The meme-stock treatment comes to MAGA finance

Trump's social platform is now fully crypto-pilled, complete with wallet integrations and token rewards. Meanwhile, the SEC's weighing an ETF filing that'd let traders bet on the former president's media empire—because what screams 'sound investment' like mixing volatile assets with political theater?

Regulators face a MAGA-sized dilemma

Approval could legitimize celebrity-backed financial products. Rejection risks fueling claims of political bias. Either way, Wall Street's already salivating over the volatility premiums.

Welcome to the golden age of assetization—where even presidential grudges get ticker symbols.

ETF Application Sparks Interest

According to the SEC filing, Trump Media’s Truth Social unit wants an ETF listed on NYSE Arca with 75% in Bitcoin and 25% in Ether. Yorkville America Digital would sponsor the fund, while Foris DAX Trust Company—Crypto.com’s custody arm—would hold the coins. US President Donald Trump’s team submitted the S‑1 form on June 16, starting what is likely a 45‑day review clock.

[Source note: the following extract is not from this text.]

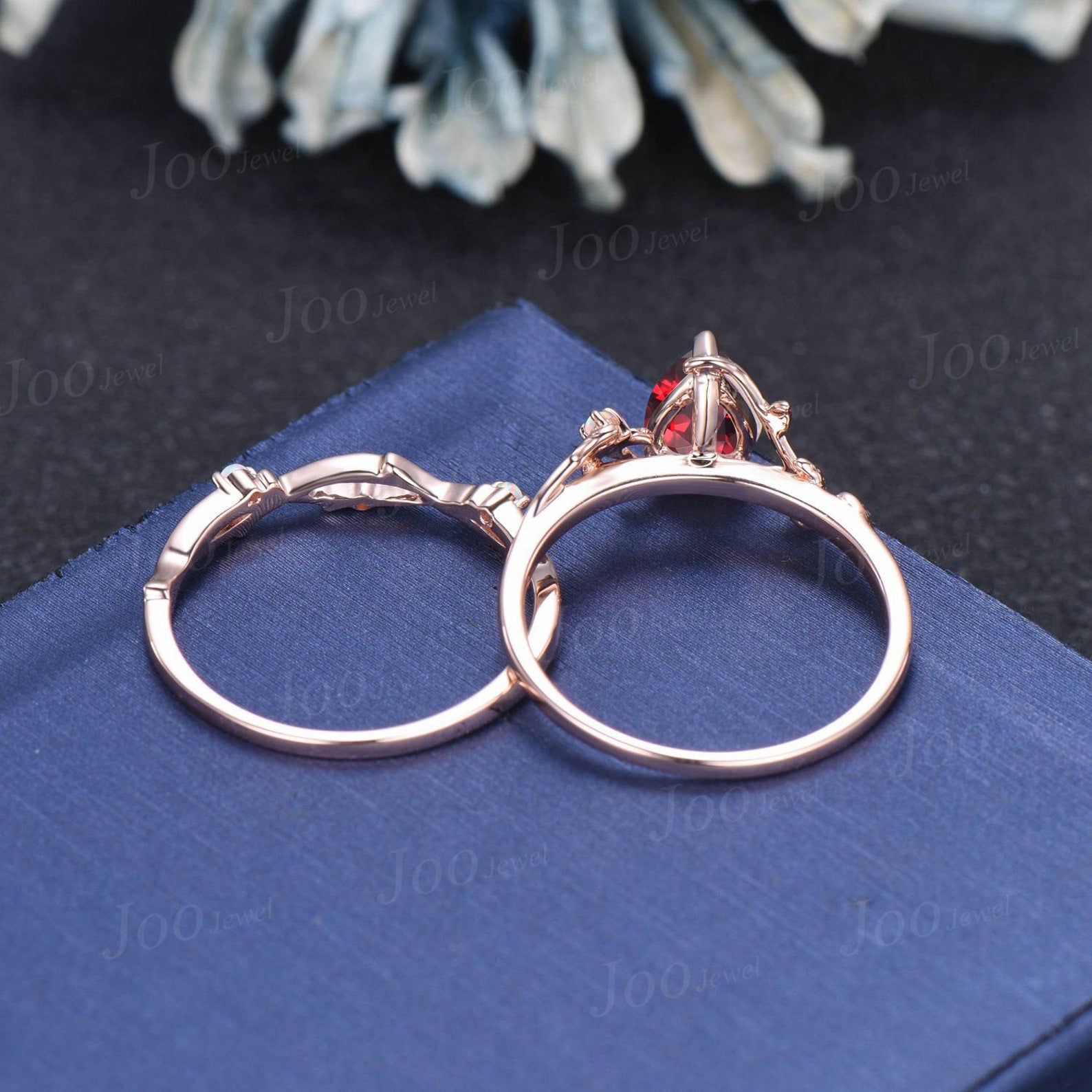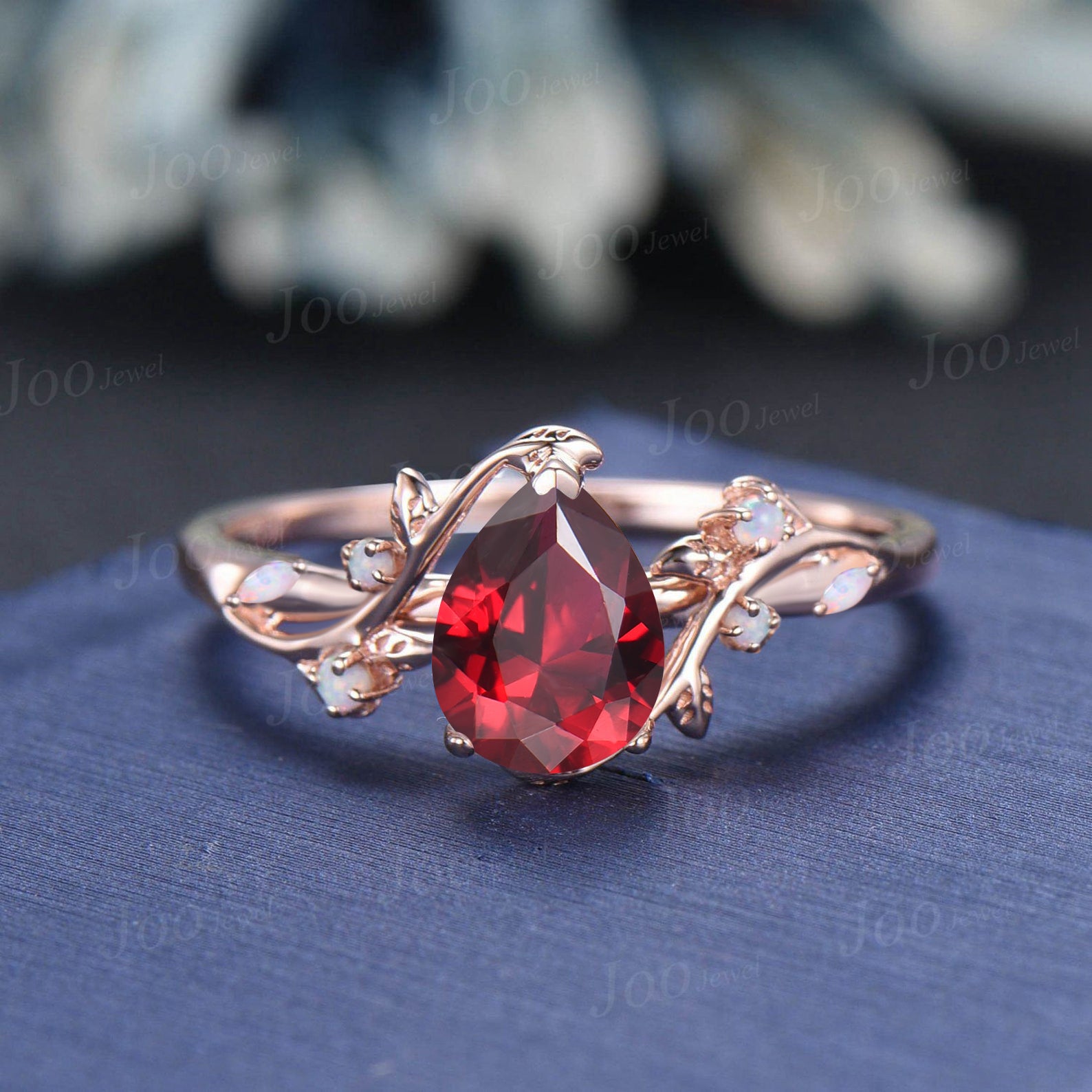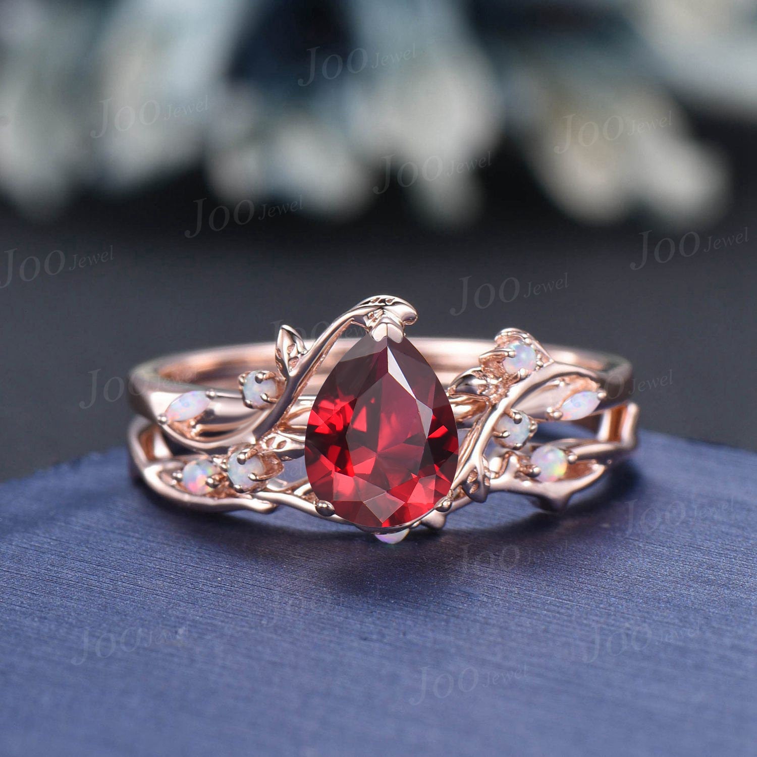 Cluster Ruby Wedding Ring 1.25ct Teardrop Cut Red Ruby Opal Engagement Ring Set Unique Leaf Vine Promise Ring for Women July Birthstone Gift

Custody And Valuation Rules

Based on reports, the fund would value bitcoin each trading day using the CME CF Bitcoin reference rate. Ether would use the CME CF Ether rate, unless the sponsor chooses another source. Private keys for both assets would sit in a cold wallet, kept separate from customer accounts. That setup aims to address long‑standing worries over hacks, theft and tangled custody failures.

A Crowd Of Competing Bids

Wall Street giants like BlackRock and Fidelity have filed pure‑Bitcoin ETF applications. Some firms are eyeing Ether‑only funds. Now a dual‑asset product is in the mix. If the SEC finalizes its planned “automated” listing framework, reviews could shrink from many months to a few. That rule WOULD standardize disclosures, custody standards and market‑integrity checks for all spot‑crypto ETFs.

Meanwhile, Fidelity’s spot‑Solana ETF hit another delay. The SEC pushed back its March 25 application and opened a new public‑comment window—21 days for feedback, 35 days for replies. Bloomberg analyst James Seyffart called this hold‑up “expected,” noting it shows the agency is still fine‑tuning data and disclosures before any approvals.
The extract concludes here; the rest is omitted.